Angelita Biscotti Reviews TAKE CARE by Eunice Andrada

By | 8 February 2022

‘Take care,’ the book’s title and a poem by the same name, asks its intended audience, the poet’s kapwa, to look after herself. ‘Take care’ (Ingat) is a phrase Filipinos often say to each other. In this context, the poet’s kapwa need to be reminded to take care because caretaking takes up so much of a life. Andrada’s poems remind us to revisit the worth we attach to labour. Without care work and a global army of Filipino caregivers, capitalism would collapse. Maybe one reason capitalism persists is we’re mobilising the wrong people to take a break.

A theatre of cruelty – in this case, a poetics of cruelty – reduces the distance between the reader and the work’s tortuous beating heart. After page after page of eloquent verse seething about the personal impact of enduring economic and sexual exploitation, the reasons for the rage are evident.

From ‘Pipeline Polyptych’:

in war, I am
mistaken for a nurse or 
someone’s property: a
degree separated from 
death. When he discovers 
where I’m from, he asks
about the brothels in 
Angeles. Insists I must 
visit. o world, how you
shine with our spit.

to ‘Subtle Asian Traits’:

Come autumn, it’s a woman’s face that flutters
Down a decaying timeline, instead of the blue
-eyed rapist they insisted on calling a swimmer. 

to ‘On Invasion Day’:

No matter out of place
Where invasion is so everyday 
It is unremarkable. 

Nothing remains private in the eye 
Of the colonizer : the rapist : the man
Behind the rifle on the overpass. 

I resist desirability.
My sight dismantles 
What sees me. 

These brief phrases are cutting. An atonal melodic line contradicts the karaoke cover-band musicality often associated with Filipino migrants. A blunt edge that punctures the model minority myth, the way much excellent Asian-Australian writing does. No grateful flag-waving brown faces here. I imagine these poems would be read aloud with the same self-contained flatness with which one would read an obituary or judicial ruling. If today’s dailies come across as histrionic, these poems appear devoid of affect, as if to say, ‘In an Internet full of fake news, these are the facts. Just the facts.’ If the facts arouse rage and despair, it is because of the seeming unchangeability of the circumstances they describe.

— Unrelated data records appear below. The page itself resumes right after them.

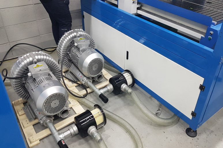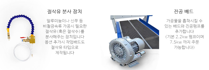 CNC조각기의 진공 배드는 진공펌프를 연결해서 작업물을 바람으로 빨아들여서
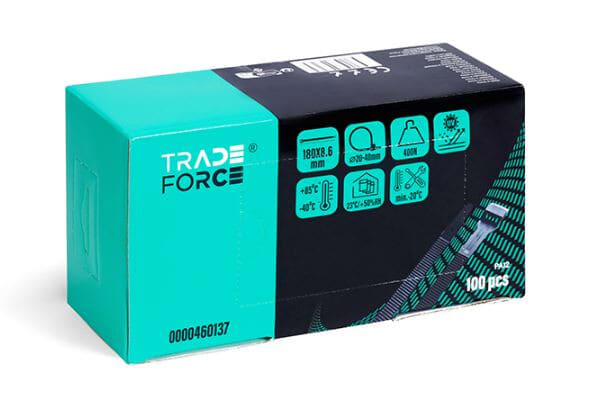 TRADEFORCE - Johdinside 100 kpl - 8.6X360 kaksoisluk. UV PA12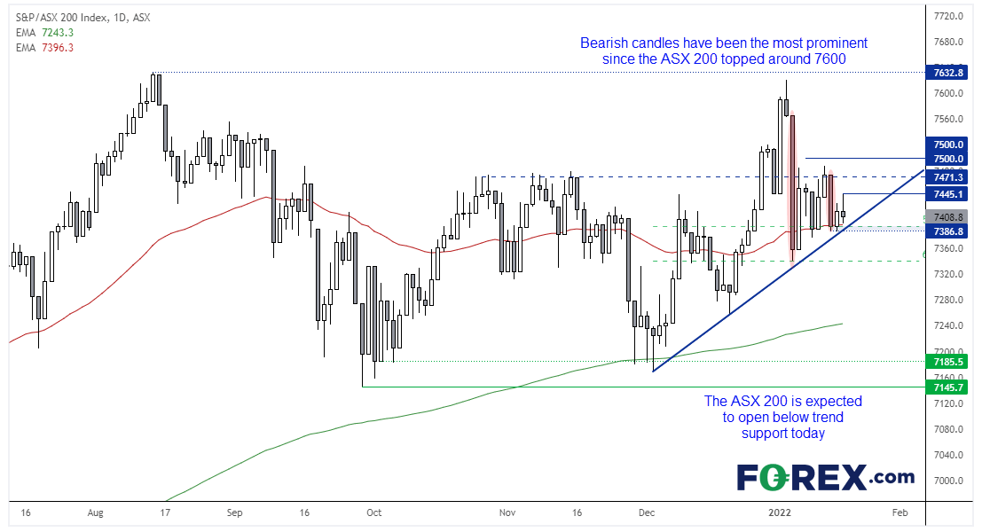 ASX 200开盘价可能报在7400下方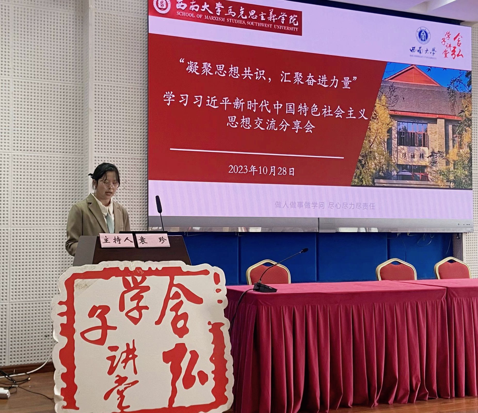 2023年10月28日上午,由PA视讯研究生会主办,马克思主义学院研究生会承办的含弘学子讲堂之“凝聚思想共识,汇聚奋进力量”学习习近平新时代中国特色社会主义思想交流分享会在马克思主义学院501会议室举行。本次分享会由马克思主义学院2023级党的建设专业硕士研究生袁珍同学主持,学院2022级马克思主义基本原理专业硕士研究生李文银同学、2023级马克思主义中国化研究专业博士研究生王洪标同学、2023级马克思主义发展史专业硕士研究生丁正同学以及2023级马克思主义中国化研究专业硕士研究生王海鹏同学担任主讲人。PA视讯研究生会学术交流中心代表、马克思主义学院研究生会、2022级研究生与2023级研究生参与了此次分享交流。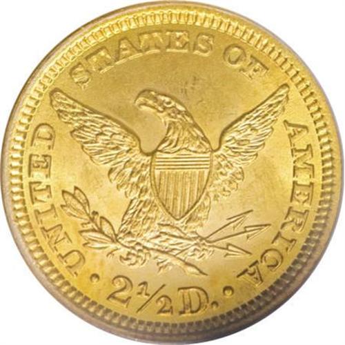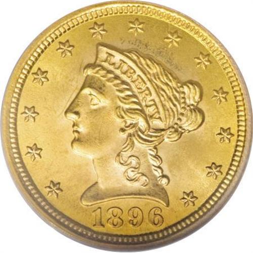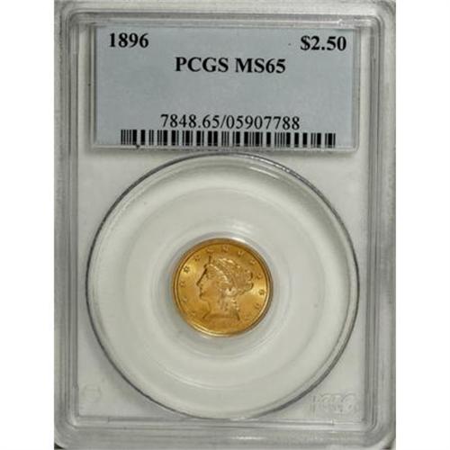 <B>1896 $2 1/2 MS65 PCGS.</B></I> Amazing surfaces with brilliant lemon-yellow color and strong design elements on both sides. While the date usually comes nicely struck, this example is particularly sharp, with full borders and central details. It ranks among the better known examples, with a limited population of higher grade pieces. Population: 54 in 65, 20 finer (8/07).<BR><BR><B>Coin Engraver:</B> Christian Gobrecht<BR><BR><b>Shipping:</b> Coins & Currency (<a target="_blank" href="http://www.heritageauctions.com/common/shipping.php">view shipping information</a>)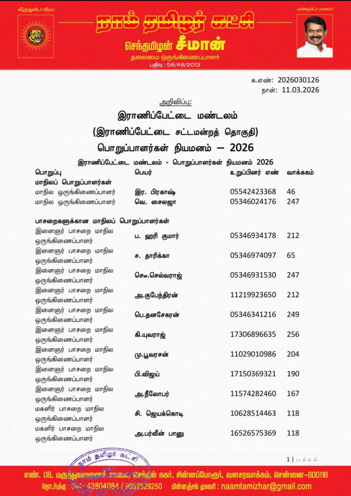 தலைமைச் செய்திகள்இளைஞர் பாசறைமகளிர் பாசறைஇராணிப்பேட்டைஅறிவிப்புகள்பொறுப்பாளர்கள் நியமனம்மருத்துவப் பாசறைகுருதிக்கொடைப் பாசறைசுற்றுச்சூழல் பாசறைஇராணிப்பேட்டை மாவட்டம்தகவல் தொழில்நுட்பப் பாசறை.தமிழ் மீட்சிப் பாசறைகலை இலக்கியப் பண்பாட்டுப் பாசறைவழக்கறிஞர் பாசறைஉழவர் பாசறைமாணவர் பாசறைவணிகர் பாசறைவிளையாட்டுப் பாசறை தலைமை அறிவிப்பு – இராணிப்பேட்டை மண்டலம் – பொறுப்பாளர்கள் நியமனம் 2026 மார்ச் 13, 2026 16 க.எண்: 2026030126 நாள்: 11.03.2026 இராணிப்பேட்டை மண்டலம் – பொறுப்பாளர்கள் நியமனம் 2026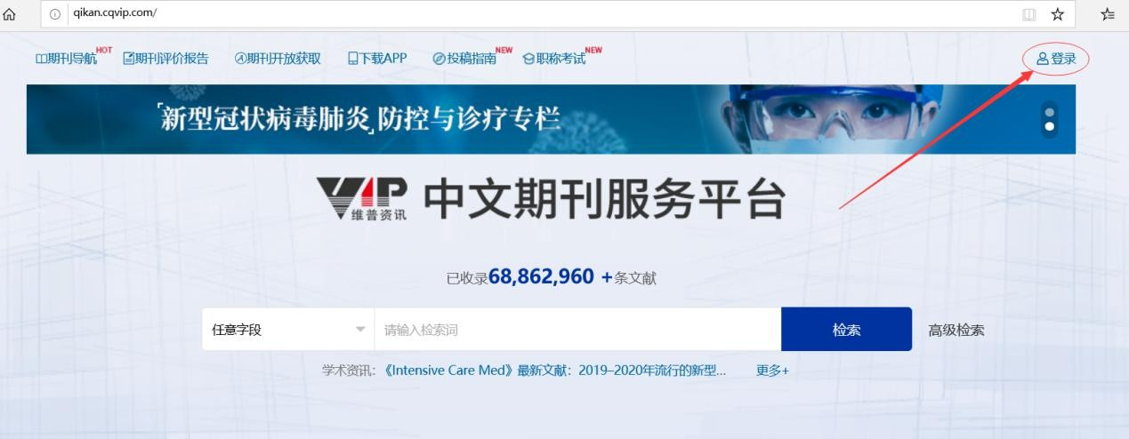 1、在浏览器中输入:qikan.cqvip.com 进入首页,然后点击右上角的【登陆】: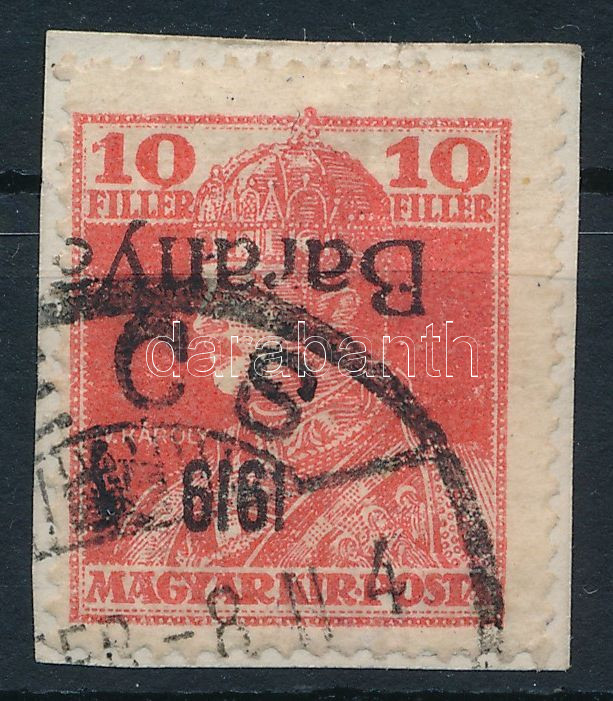 Baranya I. 1919 Károly 10f fordított felülnyomással, Bodor vizsgálójellel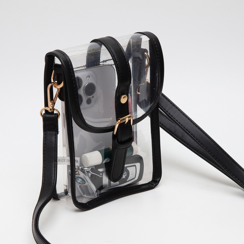 Faux Leather Belt Buckle Pointed Transparent Crossbody Bag
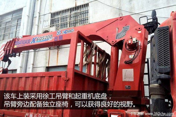 该车上装采用徐工吊臂和起重机底盘,吊臂旁边配备独立座椅,在为高空作业提供良好视野的同时,也确保了周围人员的安全。据司机介绍,该吊臂最大吊载重量为8吨,完全满足车站、港口、仓库、建筑工地等狭窄场地吊运需求。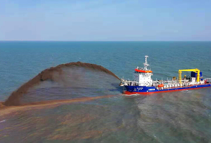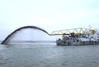 利用挖泥船將航道內(nèi)的泥土挖出后,使用管線將挖出的泥土排放到需要進(jìn)行回填的港口或碼頭上,通過泥土回填的方式來使港口和碼頭填筑到需要建設(shè)的高度,這便是吹填工程。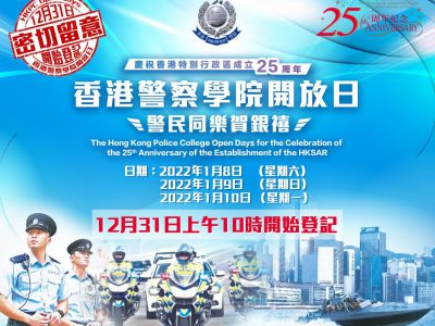 香港警方昨日(29日)在社交平台公布,为庆祝香港回归25周年,顺贺每年1月10日的中国人民警察节,警察学院将于明年1月8至10日期间举行开放日,与市民同乐。登记系统将由本周五(31日)至下月2日每日上午10时开放予公众登记各场门票,成功登记者将获电邮通知,并用二维码入场。 警方指,开放日节目丰富,分别有五个主题区域,其中主要的表演包括《警察大汇演》,市民可安坐大操场看台观赏升旗仪式及中式步操表演、警察乐队演奏、警犬表演、警队护送组驾驶技术示范及警队特别队伍的反恐演练。其他主题区域活动包括国家安全资讯展览、警队专业装备展示、亲子玩乐区、摊位游戏及精彩表演。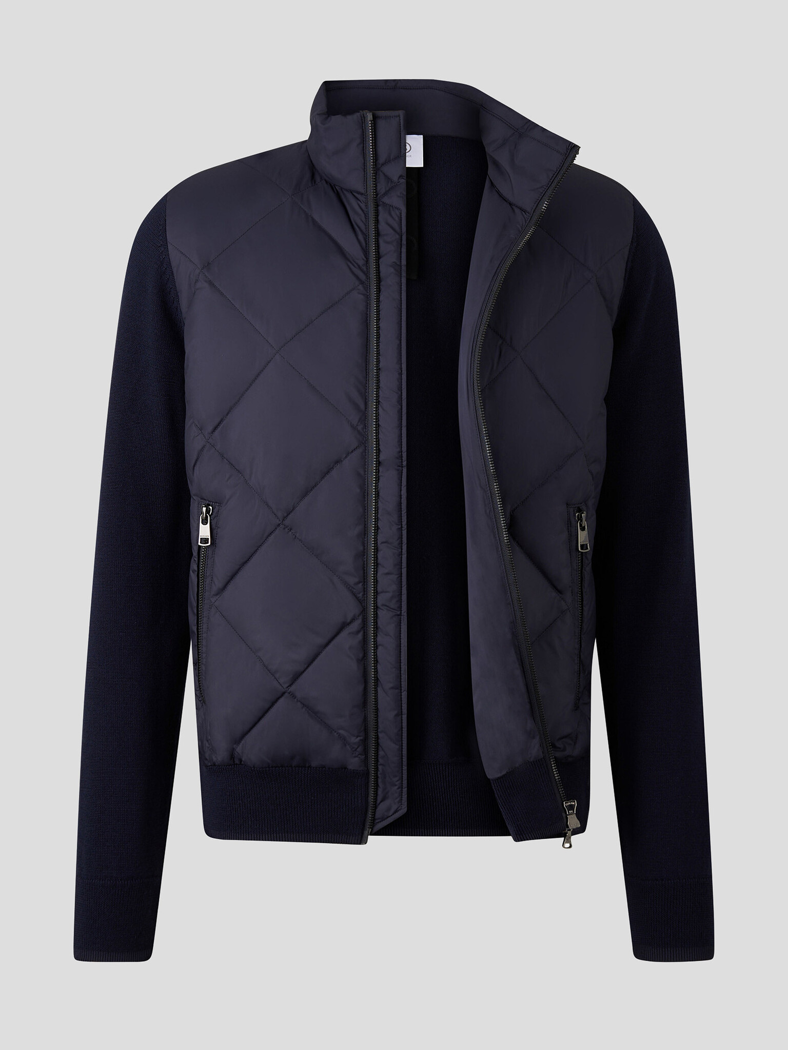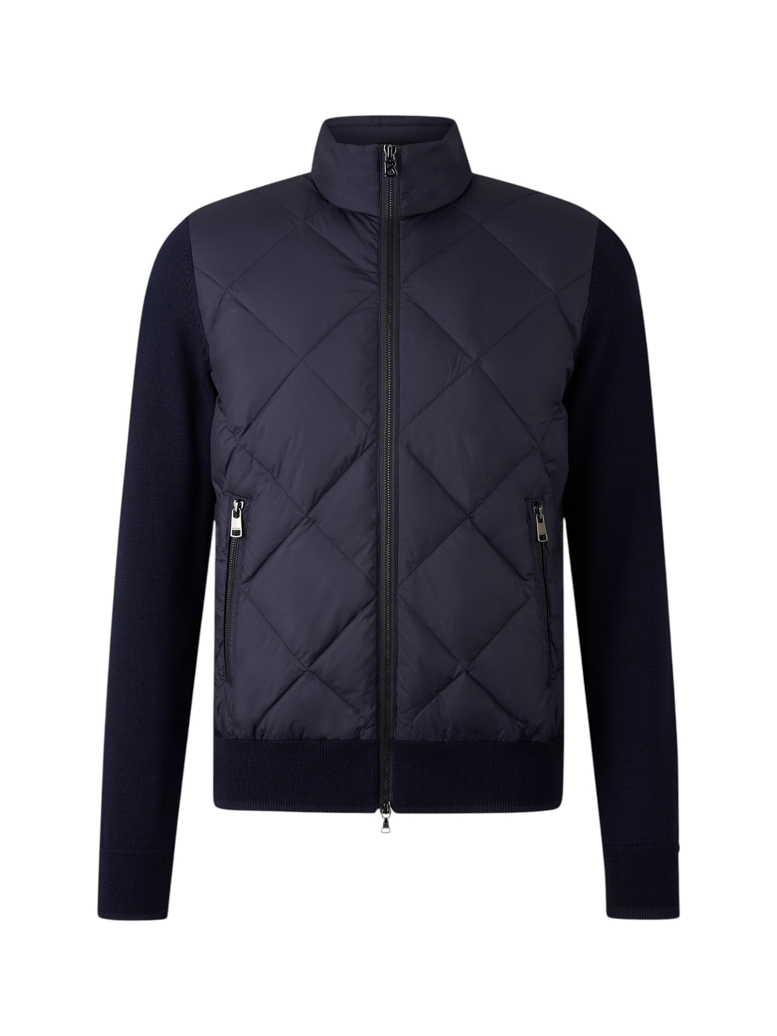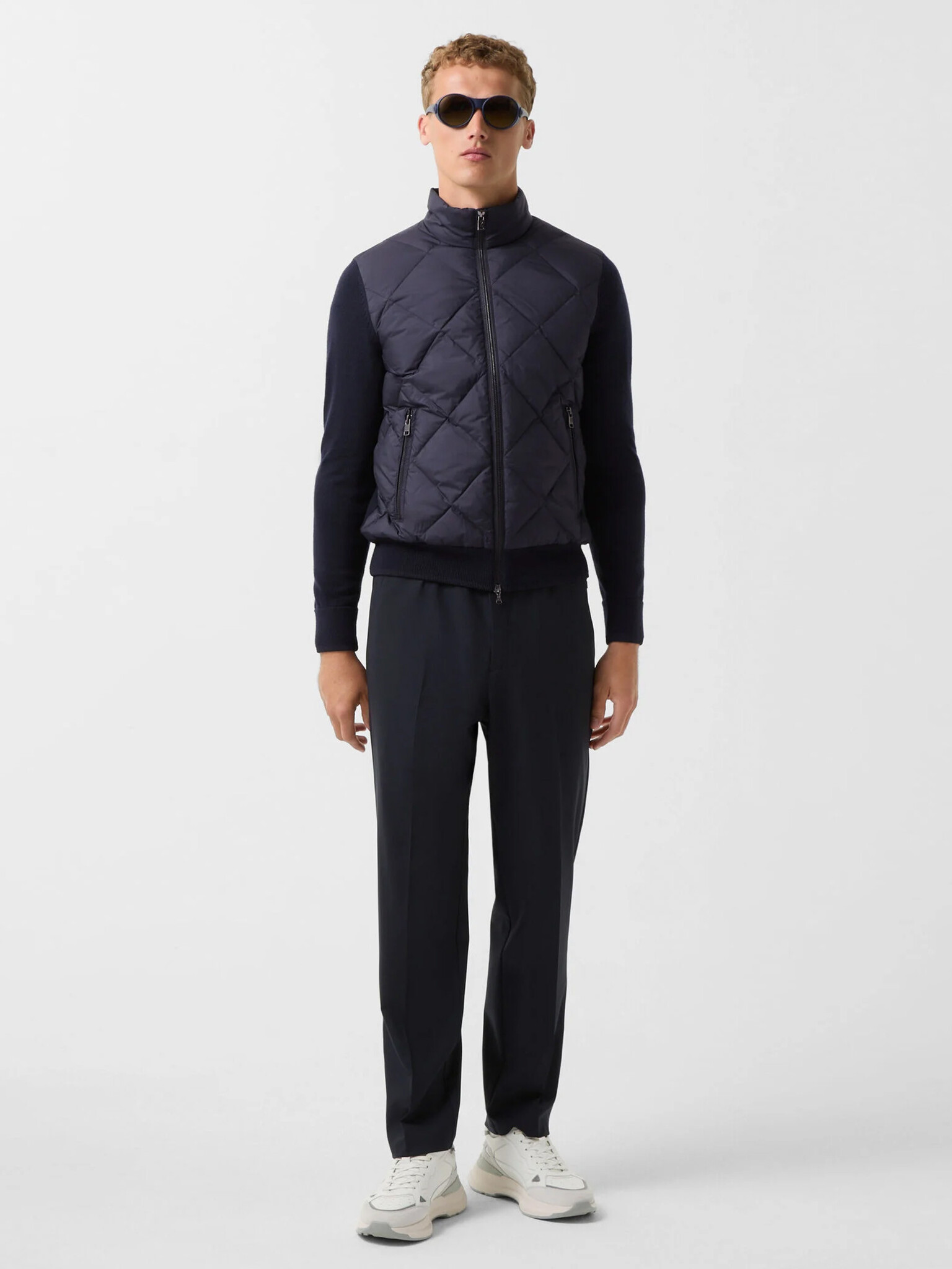 Комбинированный кардиган из шерстяного трикотажа и стеганой плащевки, утепленной отборным пухом полуприлегающего силуэта с длинными рукавами, эластичными рельефными манжетами и поясом, воротником-стойкой, прорезными карманами на молниях и застежкой на молнию с двумя пуллерами. Благодаря стежке наполнитель равномерно распределен внутри изделия и лучше сохраняет тепло.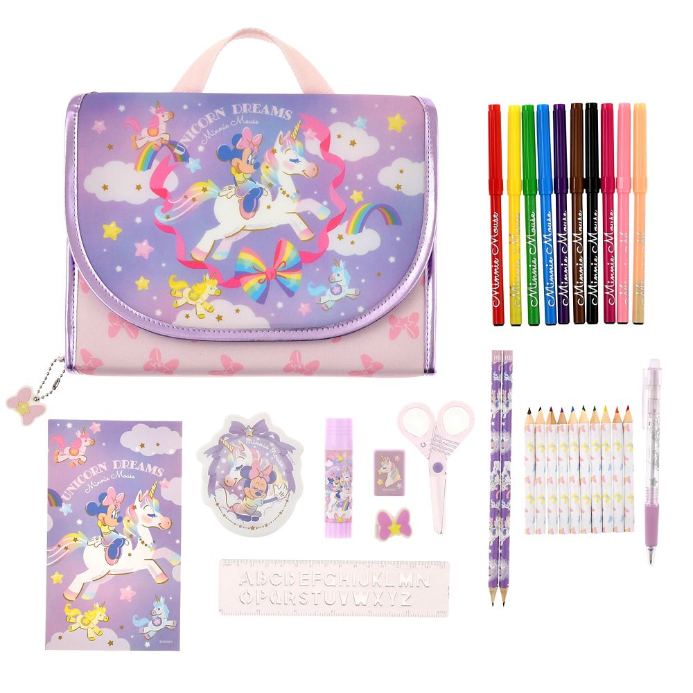 ミニーとユニコーンが描かれたハンドバッグ風ケース。中には、らくがき帳・カラーペン・色えんぴつ・えんぴつなどが入っています。ペンやえんぴつも1本1本イラストやロゴデザインなのが嬉しいポイントです。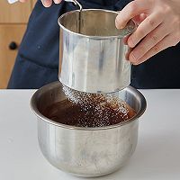 做法图解3:黑巧克力和黄油放入盆中,隔热水融化,然后加入步骤二搅拌均匀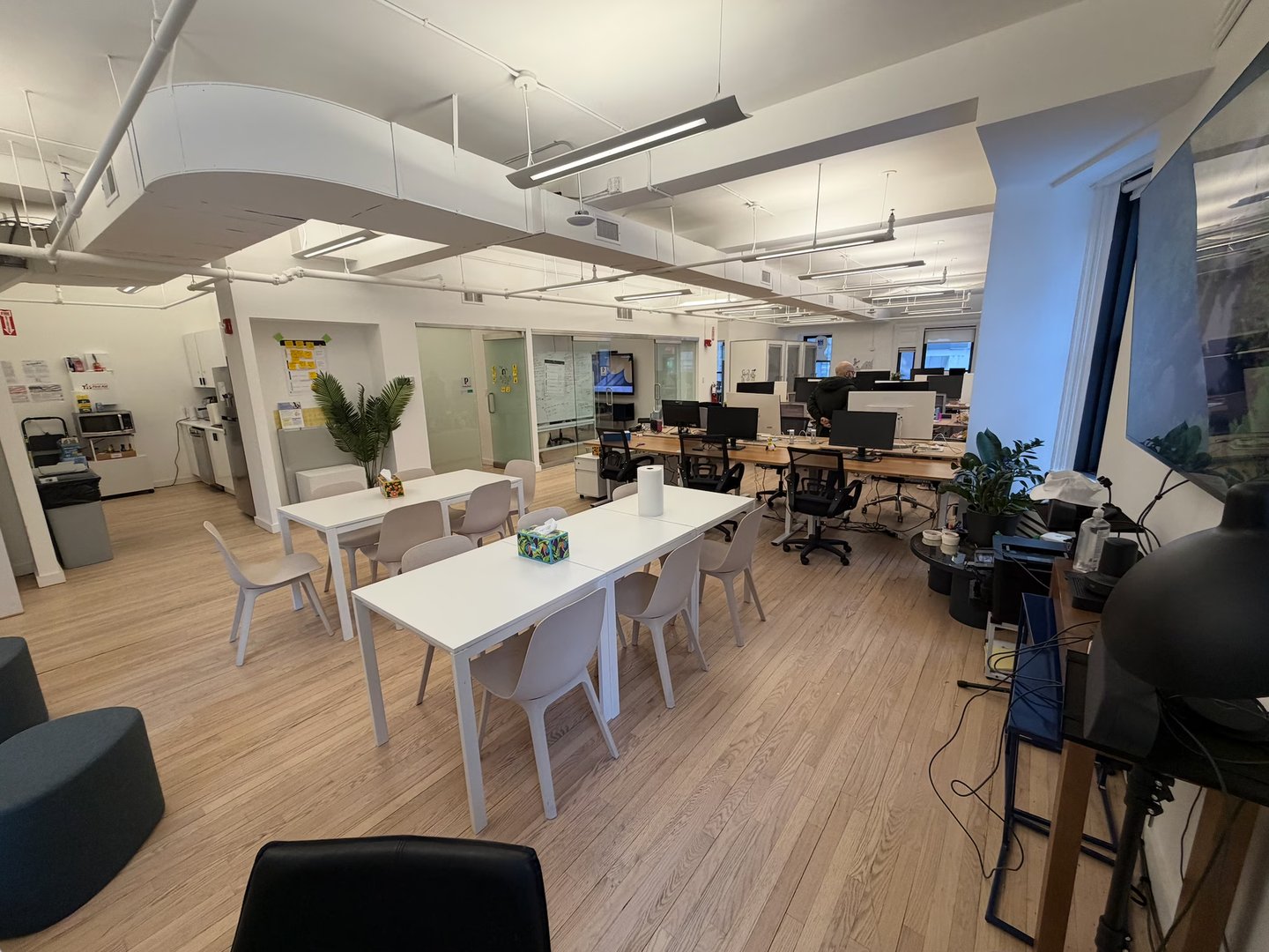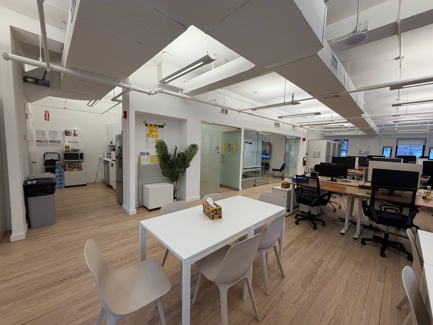 - Space features exposed ceilings and wood floors and currently built and furnished with 3 meeting rooms, 1 large conference room, and open space for 28 desks sit/stand desks.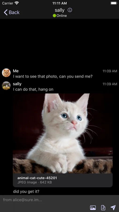 - Photos and other files easy sharing in private chats and in group chats, even with people using different XMPP clients.

Sarah Ruhl writes about the over-use of the ‘arc’ in playwriting: ‘Aristotle thought form was natural, but he thought the natural form was always an arc. Do we think the arc is a natural structure because of the structure of the male orgasm?’1 What if catharsis is just a lovely world for men releasing themselves from complexity through cumming? Do women and all varieties of not-men even get to cum? What would sex – and art – be like, if it weren’t built around the assumption of a so-called natural, inevitable conclusion, such as the expectation of release? Should we pressure art to release us from what has not yet been released in history? Is art a bad bottom when it does not yield this release – or gives the appearance of yielding but with grimacing and much complaint, the ultimate resistance residing in the dull stare of the obstinate, the unpleasured, the unpossessable?

  1. I learned about this idea of Sarah Ruhl’s through reading the bio of performance-artist Taylor Mac, available on judy’s website, viewed 20 November 2021.